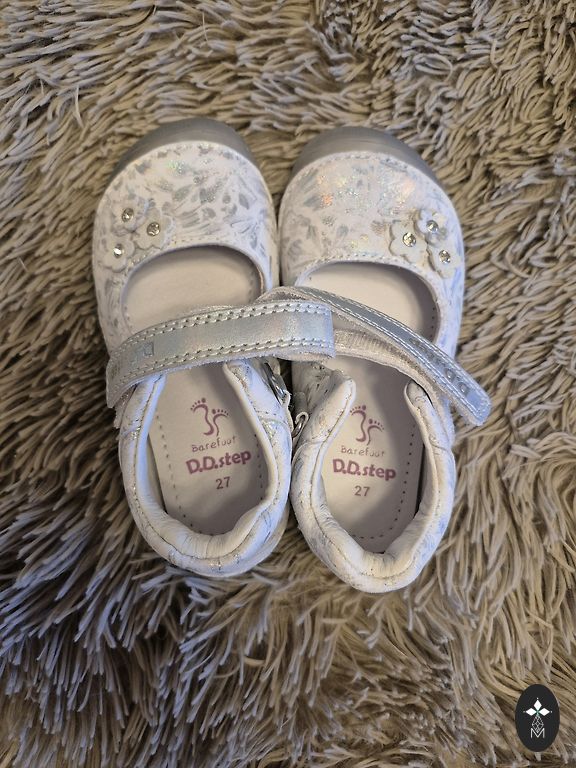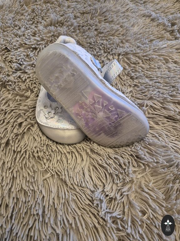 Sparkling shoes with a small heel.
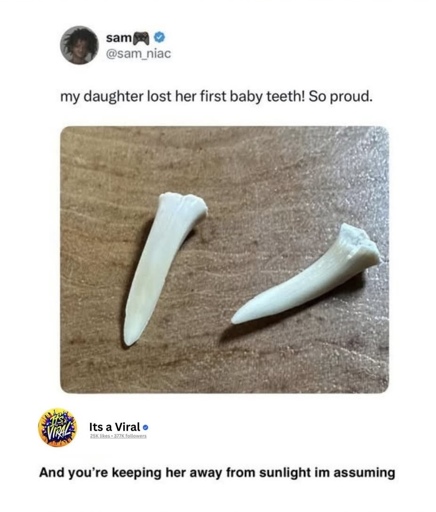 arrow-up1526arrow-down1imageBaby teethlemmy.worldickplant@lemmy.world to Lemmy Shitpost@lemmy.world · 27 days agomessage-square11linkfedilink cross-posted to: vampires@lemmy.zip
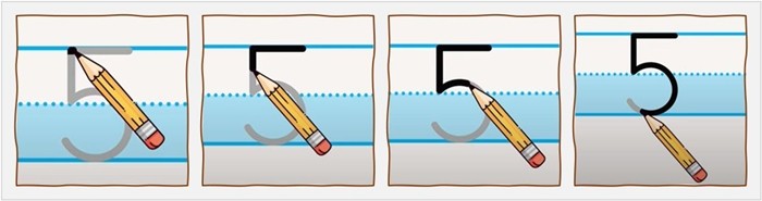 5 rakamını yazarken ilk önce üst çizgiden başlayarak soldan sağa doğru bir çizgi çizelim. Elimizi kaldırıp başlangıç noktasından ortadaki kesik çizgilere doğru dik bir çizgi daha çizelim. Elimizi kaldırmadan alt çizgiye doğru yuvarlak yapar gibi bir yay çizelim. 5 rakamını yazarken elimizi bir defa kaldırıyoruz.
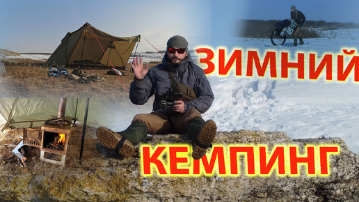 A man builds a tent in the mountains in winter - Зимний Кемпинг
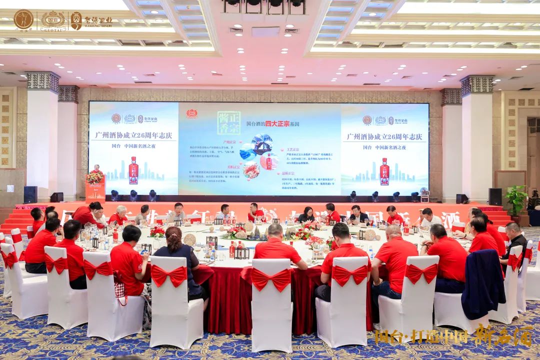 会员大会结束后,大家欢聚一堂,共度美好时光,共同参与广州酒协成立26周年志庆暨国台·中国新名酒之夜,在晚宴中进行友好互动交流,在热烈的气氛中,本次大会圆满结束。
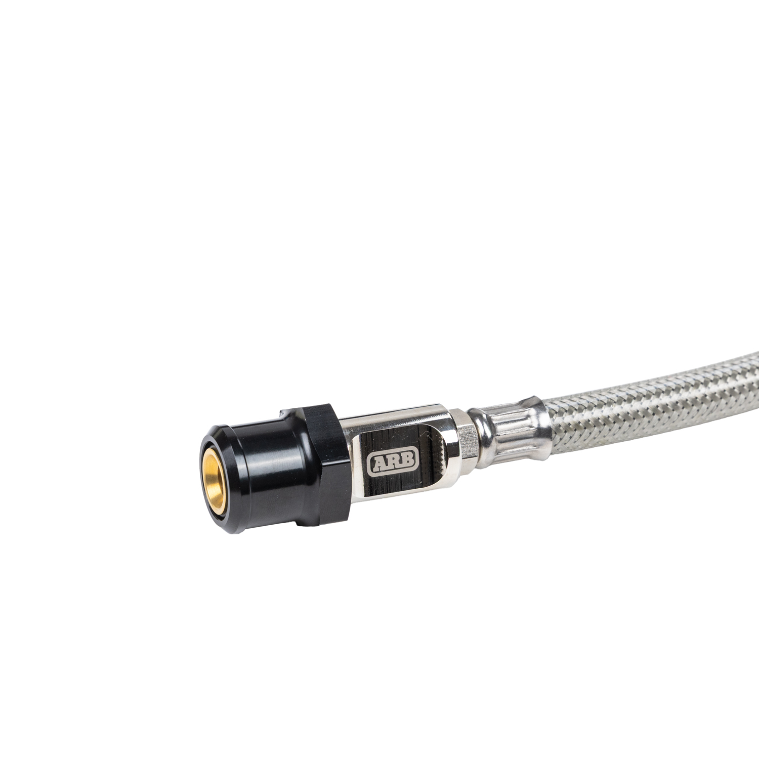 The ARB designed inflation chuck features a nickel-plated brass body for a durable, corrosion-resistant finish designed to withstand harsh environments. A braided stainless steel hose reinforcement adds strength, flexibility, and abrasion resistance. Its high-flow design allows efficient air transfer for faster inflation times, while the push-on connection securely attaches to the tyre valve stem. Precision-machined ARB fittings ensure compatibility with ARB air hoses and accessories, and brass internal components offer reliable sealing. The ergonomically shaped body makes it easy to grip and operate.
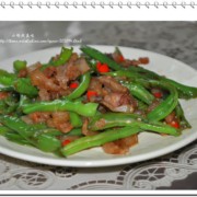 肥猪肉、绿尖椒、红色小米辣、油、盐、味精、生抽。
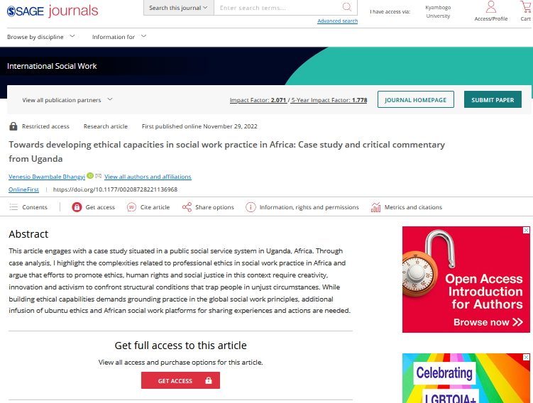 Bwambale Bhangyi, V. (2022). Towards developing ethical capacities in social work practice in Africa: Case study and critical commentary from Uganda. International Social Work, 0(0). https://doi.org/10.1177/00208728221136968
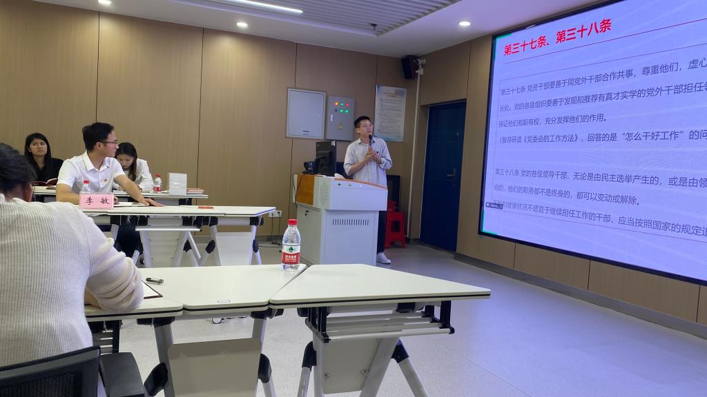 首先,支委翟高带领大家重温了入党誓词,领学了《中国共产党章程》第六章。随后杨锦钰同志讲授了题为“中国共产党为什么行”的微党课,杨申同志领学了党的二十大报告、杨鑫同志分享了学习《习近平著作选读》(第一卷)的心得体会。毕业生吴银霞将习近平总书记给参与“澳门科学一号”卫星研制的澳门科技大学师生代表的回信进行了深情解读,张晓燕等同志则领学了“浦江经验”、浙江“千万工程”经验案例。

══════════

What you should do =
In the records above, find the line with "会员大会结束后,大家欢聚一堂" and the line with "Bwambale Bhangyi, V."; please transcribe exactly those two lines and all lines between them, omitting any picture.

Task answer =
 会员大会结束后,大家欢聚一堂,共度美好时光,共同参与广州酒协成立26周年志庆暨国台·中国新名酒之夜,在晚宴中进行友好互动交流,在热烈的气氛中,本次大会圆满结束。
 The ARB designed inflation chuck features a nickel-plated brass body for a durable, corrosion-resistant finish designed to withstand harsh environments. A braided stainless steel hose reinforcement adds strength, flexibility, and abrasion resistance. Its high-flow design allows efficient air transfer for faster inflation times, while the push-on connection securely attaches to the tyre valve stem. Precision-machined ARB fittings ensure compatibility with ARB air hoses and accessories, and brass internal components offer reliable sealing. The ergonomically shaped body makes it easy to grip and operate.
 肥猪肉、绿尖椒、红色小米辣、油、盐、味精、生抽。
 Bwambale Bhangyi, V. (2022). Towards developing ethical capacities in social work practice in Africa: Case study and critical commentary from Uganda. International Social Work, 0(0). https://doi.org/10.1177/00208728221136968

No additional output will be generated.